Canine Flu: How concerned should I be?


Brooklyn Bark: Let's start at the end. Should I Panic?

Dr. Chris: Not at all if your dog is in Brooklyn. The most important thing about the Canine Influenza outbreak is that presently there have been no known cases outside the Midwest.The outbreak started in Chicago and has since been found in four Midwestern states (Illinois, Indiana, Wisconsin and Ohio).

BBark: What Is It and How Does It Spread?

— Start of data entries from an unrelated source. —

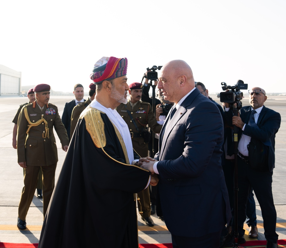 وكان حضرةُ صاحبِ الجلالةِ السُّلطان هيثم بن طارق المعظّم /حفظهُ اللهُ ورعاهُ/ في مقدّمة المُستقبلين والمُرحّبين بفخامةِ الرئيس عند سُلّم الطّائرة لدى وصوله إلى المطار السُّلطاني الخاصّ، مُتمنّيًا له ولوفده المرافق زيارةً طيّبةً ومُكلّلةً بالتّوفيق.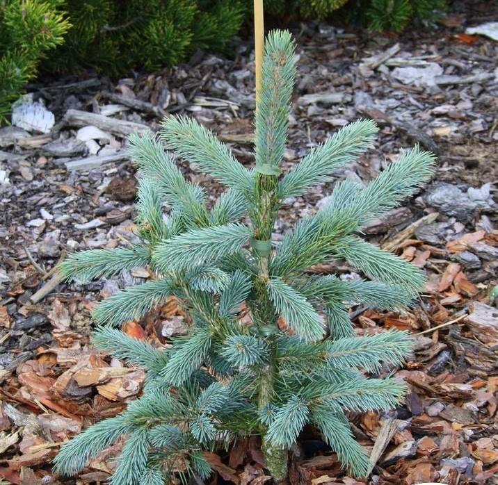 Молодой саженец ели сорта "Голубая Кейбаб" представляет собой колючее вечнозелёное растение, которое со временем формирует широкую колоновидную крону. В молодом возрасте крона этой ели асимметрична, но с возрастом становится более равномерной и плотной. Высота взрослого дерева составляет примерно 1,5-2 метра, а диаметр кроны может достигать 2-3 метра. Ежегодный прирост ели составляет около 8 см в высоту и 10 см в ширину. Хвоя у этого сорта ели имеет привлекательный серебристо-голубой оттенок, она плотно расположена, слегка изогнута, длиной 10-12 мм и диаметром около 1 мм. Этот сорт ели отлично подходит для украшения садов и парков, благодаря своему уникальному цвету и форме.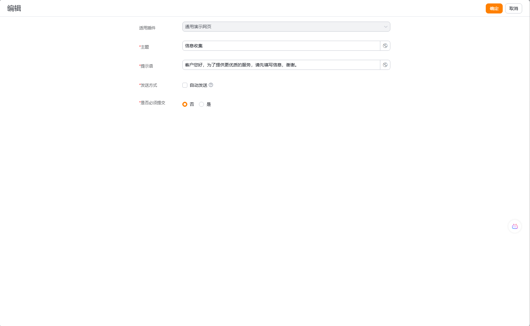 自动发送:勾选该选项后,在人工客服会话接入前,系统会自动发送询前表单给客户。

Dr. Chris: Flu viruses are named after certain proteins that are found in the virus. This current strain of canine influenza (H3N2) is different from the canine influenza strain of past outbreaks (H3N8), which your dog may have been vaccinated for in the past. The canine flu spreads in similar ways to human flu. The virus is shed in the respiratory secretions of infected dogs (coughing, sneezing) for as long as 7 days. Dogs that are infected usually begin to show signs of illness within 2 to 3 days, although it can be up to 8 days before symptoms appear. Most infected dogs have a mild form of the disease that resolves with supportive veterinary care. However more serious cases can occur, sometimes resulting in pneumonia and even death. It spreads most easily in close quarters so dogs in kennels, shelters, and boarding facilities are at increased risk. The virus can also be spread to cats, and likely guinea pigs and ferrets, but there is no evidence that it can spread to humans.

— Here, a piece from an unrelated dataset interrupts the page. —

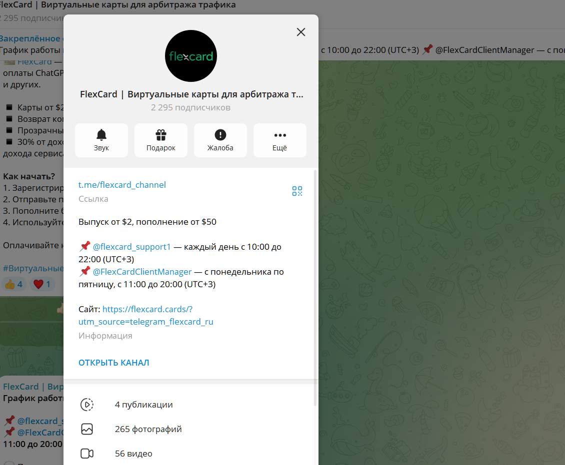 Поддержка сервиса работает в официальном канале сервиса ТГ FlexCardClientManager, отвечает на запросы клиентов с понедельника по пятницу, с 11:00 до 20:00 UTC+3. Техническая поддержка flexcard support1 доступна ежедневно с 10:00 до 22:00 UTC+3. Заметим, что интересы пользователей из РФ по времени работы поддержки, обслуживания клиентов не учтены.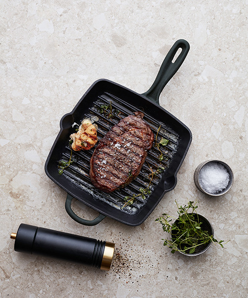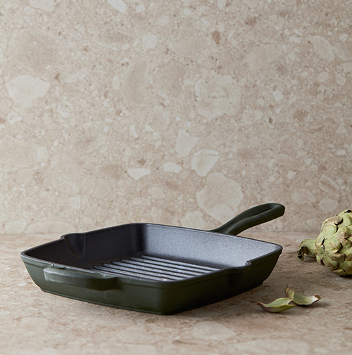 Klassisk grillpanna i emaljerat gjutjärn i Monte-serien. Ränderna i pannan höjer upp råvarorna och skapar därmed den indirekta värmen som vi känner igen från grillen. De gör även att fetter rinner av och motverkar således att maten tkokar i fett. Gjutjärnet gör att värmen fördelas jämnt över hela pannan och att den bibehåller värmen under lång tid. Materialet är väldigt tåligt och pannan går att använda på flera olika värmekällor, inklusive i ugn - perfekt om du behöver hålla middagen varm länge.

BBark: What Should I do For Prevention?

Dr. Chris: It is not known whether the current canine influenza virus vaccine provides any cross-protectionagainst the new strain that is circulating in the Midwest. Unless the flu spreads to the Northeast, your dog can continue with their normal routine. If you are traveling with your dog to the affected areas should consult your veterinarian.

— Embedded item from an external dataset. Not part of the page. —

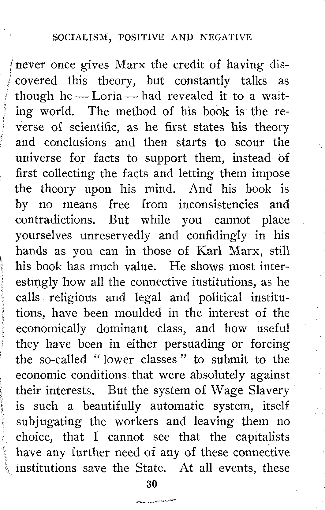The doctrine is stated in nearly the same language by Loria and Ferri, though Ferri calls it Economic Determinism, which seems to me a much better and more exact name. Ferri points out that we must not forget the intellectual factor and the various other factors, which though they are themselves determined by the economic factor, in their turn become causes acting concurrently with the economic factor. Loria deals with this whole subject most exhaustively and interestingly in his recently translated book "The Economic Foundations of Society." Curiously enough in this long book he[30] never once gives Marx the credit of having discovered this theory, but constantly talks as though he—Loria—had revealed it to a waiting world. The method of his book is the reverse of scientific, as he first states his theory and conclusions and then starts to scour the universe for facts to support them, instead of first collecting the facts and letting them impose the theory upon his mind. And his book is by no means free from inconsistencies and contradictions. But while you cannot place yourselves unreservedly and confidingly in his hands as you can in those of Karl Marx, still his book has much value. He shows most interestingly how all the connective institutions, as he calls religious and legal and political institutions, have been moulded in the interest of the economically dominant class, and how useful they have been in either persuading or forcing the so-called "lower classes" to submit to the economic conditions that were absolutely against their interests. But the system of Wage Slavery is such a beautifully automatic system, itself subjugating the workers and leaving them no choice, that I cannot see that the capitalists have any further need of any of these connective institutions save the State. At all events, these[31] institutions are fast losing their power over the minds of men. But the most valuable part of his book is the immense mass of evidence he has collected showing how political sovereignty follows economic sovereignty or rather, revenue, and how all past history has been made up of a series of contests between various kinds of revenue, particularly between rent from landed property and profits from industrial or manufacturing capital, but as this is nothing more than the Class Struggle between the landed aristocracy and the bourgeoisie, a struggle sketched by master hands in the Communist Manifesto of Marx and Engels, we can give Loria no credit for originality, but merely praise his industry in collecting evidence.

As with human flu, regular handwashing is the number one protectant.

People bringing their dog from the Chicago area to New York should monitor their pups for any signs of illness, keep them away from dog parks for a full week, and be told in no uncertain terms that our pizza is better than theirs.

BBark: I didn't catch how serious dog flu is. Is it generally self limiting in a healthy animal?

Dr. Chris: It's usually mild but potentially serious. Similar to how we think about human flu. For many individuals it's not a big deal, but it still kills many people every year. There's a mild form and a severe form. The severe form often leads to pneumonia. Almost all dogs that are exposed to the virus become infected because there is no natural immunity. 80% will show clinical signs, the other 20% will carry the virus but not become ill. I haven't seen any numbers on how many develop the severe form, but the overall mortality rate is considered low (less than 10%).

BBark: What symptoms should an owner look for?

Dr. Chris: The symptoms are coughing (wet or dry), nasal and ocular discharge, sneezing, lethargy, inappetance and a low grade fever.

BBark: How long before contacting a vet?

Dr. Chris: Any dog with a cough that persists for more than a day should have their human contact their vet.

BBark: When should an owner contact a vet immediately (puppy? compromised dog? fever above x? not eating for y days? etc?

Dr. Chris: It's very hard to quantify this. Generally if owners are concerned they should contact their vet,better safe than sorry. Owners know their dog best so if the dog is eating and has a normal energy level then it is ok to wait a day and see if things resolve. Lethargy and inappetance or anorexia are more concerning to me.

Most owners aren't comfortable taking a rectal temperature on their dog but for those that are, the normal range in a dog is 99.5-102.5 and anything over that is concerning. The smaller the dog the greater the concern, so owners with small puppies should contact their vet immediately if they are ill.

BBark: How long does the flu last if it self resolves?

Dr. Chris: It lasts for 10 to 21 days. There are no antivirals approved for use in dogs so it is largely supportive care. Antibiotics to prevent secondary bacterial infection. NSAID's to reduce fever, fluids to correct dehydration. Bloodwork and chest radiographs if indicated.

BBark: Is there any medicinal value to chicken soup?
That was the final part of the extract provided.